Generative AI Push Poses Risk Harmful for Many Users

Read Time: 1 minutes

AI is developing quickly in digital art, pushing the limits of creativity. Pose generation is a captivating tool that uses body language to express emotions and capture the spirit of a scenario. This blog series examines a generative AI model's ability to generate postures for different situations while evaluating its effectiveness in picture analysis, camera position, and aesthetics.

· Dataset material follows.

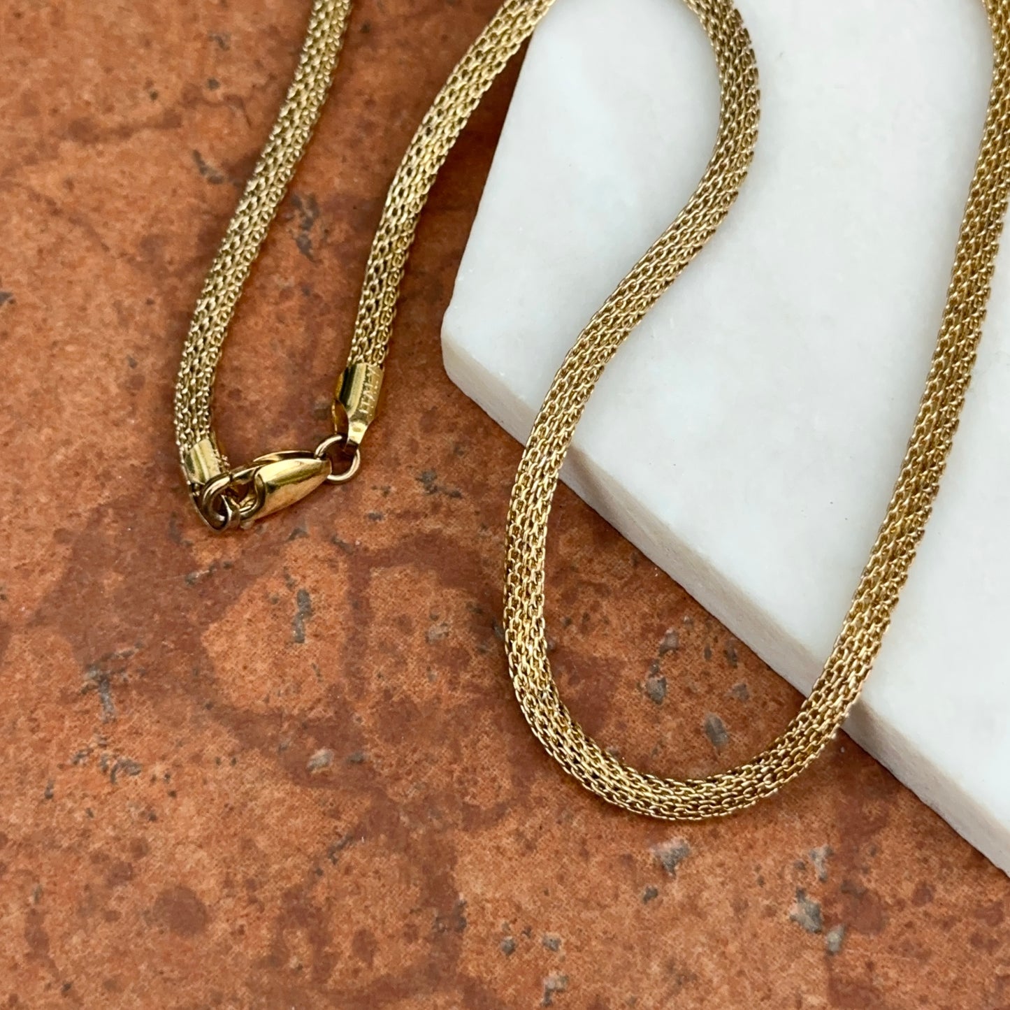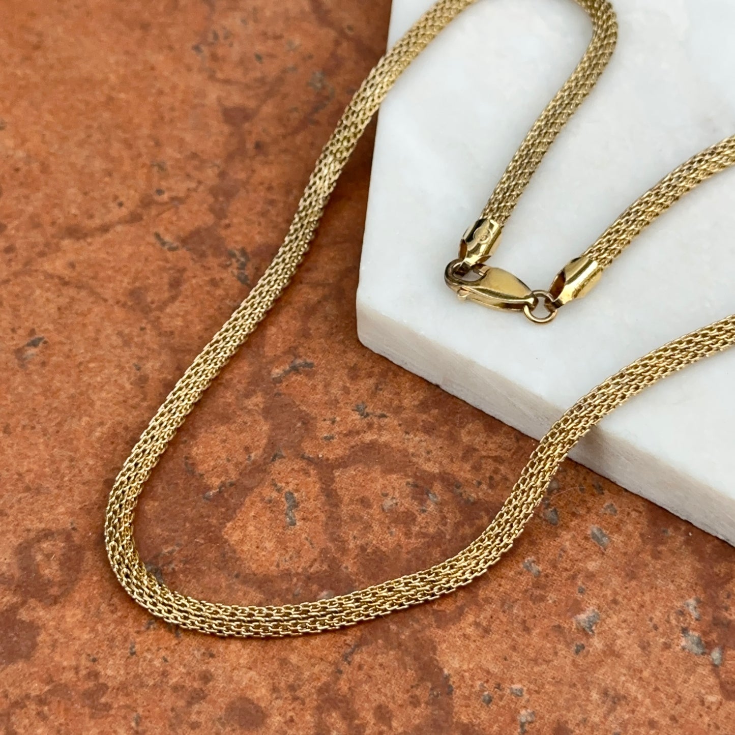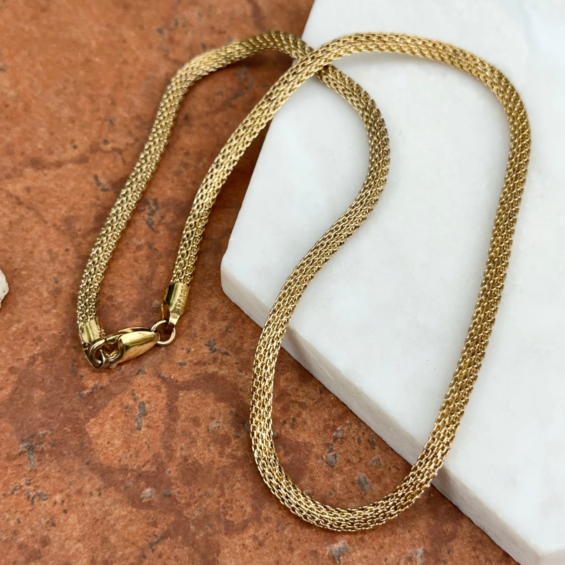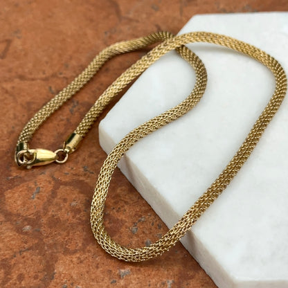 Gold plated sterling silver round mesh weave chain link necklace

Machine learning systems that understand the general kinetic interaction between the various components of the human body are necessary for this. Over the past three decades, paradigms, such as inverse kinematics, have emerged in the older field of CGI-based synthesis to give traditional VFX practitioners virtual human beings.

Previous Restrictions

In terms of generative AI, machine systems that have been trained on large video datasets and have been successful in generalizing various human motion types are needed to create "fake people" that appear natural and can walk around and interact with their surroundings. We refer to these things as motion priors.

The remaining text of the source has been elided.